Algorithm Recommender System

A research-grade algorithm recommendation system that automatically selects the optimal algorithm for sorting, array searching, graph searching, string searching, and tree searching problems. The system combines algorithmic theory (correctness constraints) with machine learning (data-driven selection) to provide intelligent, explainable recommendations.

🎯 Project Overview

This system addresses the algorithm selection problem: given a problem instance, which algorithm should be used for optimal performance?

Key Innovation

Traditional approaches either:

Use rule-based systems (rigid, don't adapt to data)
Use pure ML (may violate correctness constraints)

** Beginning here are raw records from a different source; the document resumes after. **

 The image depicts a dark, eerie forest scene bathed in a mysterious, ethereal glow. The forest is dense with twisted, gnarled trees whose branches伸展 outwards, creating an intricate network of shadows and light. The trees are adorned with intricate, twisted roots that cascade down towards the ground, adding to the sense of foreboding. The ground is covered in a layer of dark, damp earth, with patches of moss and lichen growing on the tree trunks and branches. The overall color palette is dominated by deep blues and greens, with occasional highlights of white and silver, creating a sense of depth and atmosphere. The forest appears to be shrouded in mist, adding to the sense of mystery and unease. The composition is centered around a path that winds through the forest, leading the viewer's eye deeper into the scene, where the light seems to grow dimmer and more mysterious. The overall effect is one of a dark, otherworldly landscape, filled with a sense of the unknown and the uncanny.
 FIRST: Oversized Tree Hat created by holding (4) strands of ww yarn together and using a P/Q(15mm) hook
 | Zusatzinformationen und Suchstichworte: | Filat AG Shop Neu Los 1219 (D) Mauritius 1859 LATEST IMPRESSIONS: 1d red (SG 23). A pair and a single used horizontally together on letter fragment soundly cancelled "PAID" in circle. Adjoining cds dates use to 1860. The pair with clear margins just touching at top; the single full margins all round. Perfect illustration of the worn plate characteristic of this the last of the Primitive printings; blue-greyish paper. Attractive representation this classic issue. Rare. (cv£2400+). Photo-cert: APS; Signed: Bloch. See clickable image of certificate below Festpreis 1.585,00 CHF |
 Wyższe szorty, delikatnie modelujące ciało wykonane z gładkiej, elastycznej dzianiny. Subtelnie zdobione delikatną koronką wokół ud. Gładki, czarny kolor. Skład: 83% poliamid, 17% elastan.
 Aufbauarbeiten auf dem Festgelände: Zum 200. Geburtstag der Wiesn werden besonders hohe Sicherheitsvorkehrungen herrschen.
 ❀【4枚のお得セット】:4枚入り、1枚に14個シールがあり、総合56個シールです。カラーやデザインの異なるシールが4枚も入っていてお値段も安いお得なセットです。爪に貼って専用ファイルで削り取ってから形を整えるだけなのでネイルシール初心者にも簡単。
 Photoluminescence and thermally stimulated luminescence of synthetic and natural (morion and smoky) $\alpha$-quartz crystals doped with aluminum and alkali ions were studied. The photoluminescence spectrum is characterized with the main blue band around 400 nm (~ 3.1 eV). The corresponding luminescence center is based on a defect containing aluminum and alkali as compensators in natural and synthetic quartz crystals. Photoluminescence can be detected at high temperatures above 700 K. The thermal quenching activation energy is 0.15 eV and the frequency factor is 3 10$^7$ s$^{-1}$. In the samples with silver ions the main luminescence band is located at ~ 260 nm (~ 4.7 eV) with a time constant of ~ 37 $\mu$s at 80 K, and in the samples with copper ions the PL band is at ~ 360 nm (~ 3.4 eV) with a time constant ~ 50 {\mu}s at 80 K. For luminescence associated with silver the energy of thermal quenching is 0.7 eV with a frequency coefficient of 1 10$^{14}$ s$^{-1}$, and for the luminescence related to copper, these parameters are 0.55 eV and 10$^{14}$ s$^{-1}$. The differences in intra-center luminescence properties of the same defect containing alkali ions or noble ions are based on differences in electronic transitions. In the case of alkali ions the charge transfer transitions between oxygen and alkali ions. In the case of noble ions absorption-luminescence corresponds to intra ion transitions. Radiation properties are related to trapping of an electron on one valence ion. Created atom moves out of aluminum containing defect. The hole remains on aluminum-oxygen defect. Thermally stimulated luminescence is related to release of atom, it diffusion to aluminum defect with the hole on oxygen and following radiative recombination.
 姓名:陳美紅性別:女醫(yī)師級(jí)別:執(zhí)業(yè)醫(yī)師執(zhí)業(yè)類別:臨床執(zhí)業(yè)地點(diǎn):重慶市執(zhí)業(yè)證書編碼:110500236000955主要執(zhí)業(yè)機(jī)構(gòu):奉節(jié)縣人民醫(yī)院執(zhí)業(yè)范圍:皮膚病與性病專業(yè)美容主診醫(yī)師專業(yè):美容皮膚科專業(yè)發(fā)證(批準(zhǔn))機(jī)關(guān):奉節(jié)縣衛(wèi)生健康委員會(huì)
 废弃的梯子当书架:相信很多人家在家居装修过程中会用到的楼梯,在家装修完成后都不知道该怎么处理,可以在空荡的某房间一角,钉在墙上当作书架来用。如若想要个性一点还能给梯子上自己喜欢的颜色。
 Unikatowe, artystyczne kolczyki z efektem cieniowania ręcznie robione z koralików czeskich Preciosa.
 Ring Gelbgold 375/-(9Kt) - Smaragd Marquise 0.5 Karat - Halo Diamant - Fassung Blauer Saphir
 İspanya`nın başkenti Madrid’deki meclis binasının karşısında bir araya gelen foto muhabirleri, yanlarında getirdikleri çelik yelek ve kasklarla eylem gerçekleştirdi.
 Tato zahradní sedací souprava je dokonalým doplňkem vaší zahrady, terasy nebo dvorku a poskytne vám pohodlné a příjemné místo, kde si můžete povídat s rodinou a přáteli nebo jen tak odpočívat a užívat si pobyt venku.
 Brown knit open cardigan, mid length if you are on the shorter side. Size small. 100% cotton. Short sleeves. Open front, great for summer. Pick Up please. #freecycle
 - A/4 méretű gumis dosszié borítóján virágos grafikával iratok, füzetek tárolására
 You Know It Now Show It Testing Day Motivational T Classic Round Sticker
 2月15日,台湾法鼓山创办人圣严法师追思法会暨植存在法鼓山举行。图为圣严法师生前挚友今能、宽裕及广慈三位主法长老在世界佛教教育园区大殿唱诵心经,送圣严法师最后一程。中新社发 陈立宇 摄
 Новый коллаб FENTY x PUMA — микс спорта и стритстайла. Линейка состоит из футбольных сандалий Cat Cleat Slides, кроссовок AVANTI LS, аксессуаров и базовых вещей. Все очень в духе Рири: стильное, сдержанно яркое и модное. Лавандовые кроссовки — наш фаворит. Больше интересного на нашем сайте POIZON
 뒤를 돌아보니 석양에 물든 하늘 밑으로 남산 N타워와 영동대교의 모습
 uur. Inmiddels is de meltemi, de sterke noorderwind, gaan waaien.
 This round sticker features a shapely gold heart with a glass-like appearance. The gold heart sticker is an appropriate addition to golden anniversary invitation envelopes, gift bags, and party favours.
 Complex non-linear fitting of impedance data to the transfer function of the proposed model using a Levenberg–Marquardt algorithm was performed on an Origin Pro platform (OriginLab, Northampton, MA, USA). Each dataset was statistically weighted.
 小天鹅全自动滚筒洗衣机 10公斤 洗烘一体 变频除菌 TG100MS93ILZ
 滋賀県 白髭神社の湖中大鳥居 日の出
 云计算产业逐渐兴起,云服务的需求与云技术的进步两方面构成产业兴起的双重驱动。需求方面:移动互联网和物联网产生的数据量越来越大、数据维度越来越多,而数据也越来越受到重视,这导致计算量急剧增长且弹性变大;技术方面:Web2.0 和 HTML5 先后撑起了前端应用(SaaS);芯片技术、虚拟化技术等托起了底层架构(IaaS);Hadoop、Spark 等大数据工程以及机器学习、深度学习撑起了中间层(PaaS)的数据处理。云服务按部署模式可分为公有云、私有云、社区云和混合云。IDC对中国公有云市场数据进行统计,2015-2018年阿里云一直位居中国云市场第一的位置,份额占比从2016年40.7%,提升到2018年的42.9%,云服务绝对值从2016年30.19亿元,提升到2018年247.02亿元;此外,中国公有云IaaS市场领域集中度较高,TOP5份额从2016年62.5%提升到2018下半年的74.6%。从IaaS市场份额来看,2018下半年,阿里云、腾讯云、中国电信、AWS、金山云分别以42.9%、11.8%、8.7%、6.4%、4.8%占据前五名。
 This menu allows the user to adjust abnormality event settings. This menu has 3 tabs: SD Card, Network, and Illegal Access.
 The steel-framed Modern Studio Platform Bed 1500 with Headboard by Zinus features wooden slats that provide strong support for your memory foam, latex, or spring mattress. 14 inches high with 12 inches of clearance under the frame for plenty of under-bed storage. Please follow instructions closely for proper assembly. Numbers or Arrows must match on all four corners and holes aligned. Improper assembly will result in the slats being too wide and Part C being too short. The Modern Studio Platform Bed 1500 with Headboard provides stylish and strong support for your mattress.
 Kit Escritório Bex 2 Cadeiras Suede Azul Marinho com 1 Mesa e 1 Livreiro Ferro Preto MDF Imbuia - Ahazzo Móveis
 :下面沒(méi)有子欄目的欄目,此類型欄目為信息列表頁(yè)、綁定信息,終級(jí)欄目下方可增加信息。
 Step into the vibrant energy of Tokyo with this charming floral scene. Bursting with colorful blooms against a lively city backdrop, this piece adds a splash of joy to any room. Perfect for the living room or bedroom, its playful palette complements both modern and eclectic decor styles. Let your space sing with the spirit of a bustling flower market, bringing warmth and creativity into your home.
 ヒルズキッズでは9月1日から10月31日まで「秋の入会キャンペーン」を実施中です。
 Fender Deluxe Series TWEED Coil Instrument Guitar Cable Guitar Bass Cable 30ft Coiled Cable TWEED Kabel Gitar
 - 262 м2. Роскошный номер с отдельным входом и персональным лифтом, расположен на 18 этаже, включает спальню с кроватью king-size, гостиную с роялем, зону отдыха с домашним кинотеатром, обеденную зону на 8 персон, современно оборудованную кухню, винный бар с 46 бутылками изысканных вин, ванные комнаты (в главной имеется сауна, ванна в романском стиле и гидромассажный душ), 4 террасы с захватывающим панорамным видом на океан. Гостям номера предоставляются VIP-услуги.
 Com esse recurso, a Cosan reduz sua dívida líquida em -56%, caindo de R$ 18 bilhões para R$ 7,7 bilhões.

Our approach is a hybrid system that:

Enforces strict correctness constraints (e.g., never recommends Binary Search for unsorted arrays)
Uses ML for optimization among valid algorithms
Provides human-readable explanations for all recommendations
Includes automatic structure inference to detect input type

📊 Domains Supported

1. Sorting Algorithms

Algorithm	Best Case	Average	Worst	Space	When to Use
Insertion Sort	O(n)	O(n²)	O(n²)	O(1)	Small/nearly sorted arrays
Selection Sort	O(n²)	O(n²)	O(n²)	O(1)	Very small arrays
Merge Sort	O(n log n)	O(n log n)	O(n log n)	O(n)	Large arrays, stability needed
Quick Sort	O(n log n)	O(n log n)	O(n²)	O(log n)	General purpose
Heap Sort	O(n log n)	O(n log n)	O(n log n)	O(1)	Guaranteed performance + in-place

Features Extracted:

Input size (log-normalized)
Sortedness measure (inversions ratio)
Duplicate ratio
Distribution characteristics

2. Array Search Algorithms

Algorithm	Complexity	Constraint	When to Use
Linear Search	O(n)	None	Unsorted arrays, small arrays
Binary Search	O(log n)	Sorted only	Large sorted arrays
Jump Search	O(√n)	Sorted only	Sorted arrays, forward-only access
Exponential Search	O(log n)	Sorted + Uniform	Large sorted uniform arrays

Correctness Constraints (STRICT):

❌ Binary/Jump/Exponential search NEVER recommended for unsorted arrays
❌ Exponential search NEVER recommended for non-uniform distributions

3. Graph Search Algorithms

Algorithm	Complexity	Constraint	When to Use
BFS	O(V + E)	Unweighted only	Shortest path in unweighted graphs
Dijkstra	O((V+E) log V)	Non-negative weights	General weighted graphs
Bellman-Ford	O(VE)	Handles negatives	Graphs with negative weights
A*	O(E) best	Requires heuristic	When good heuristic available

Correctness Constraints (STRICT):

❌ BFS NEVER recommended for weighted graphs
❌ Dijkstra NEVER recommended when negative weights exist
❌ A* NEVER recommended without heuristic

4. String Search Algorithms (NEW)

Algorithm	Complexity	Constraint	When to Use
Naive String Search	O(nm)	None	Single pattern, short text
Trie Search	O(m) per query	Multiple patterns OR prefix queries	Multiple patterns, autocomplete

Correctness Constraints (STRICT):

❌ Trie search NEVER recommended for single exact pattern (preprocessing overhead not justified)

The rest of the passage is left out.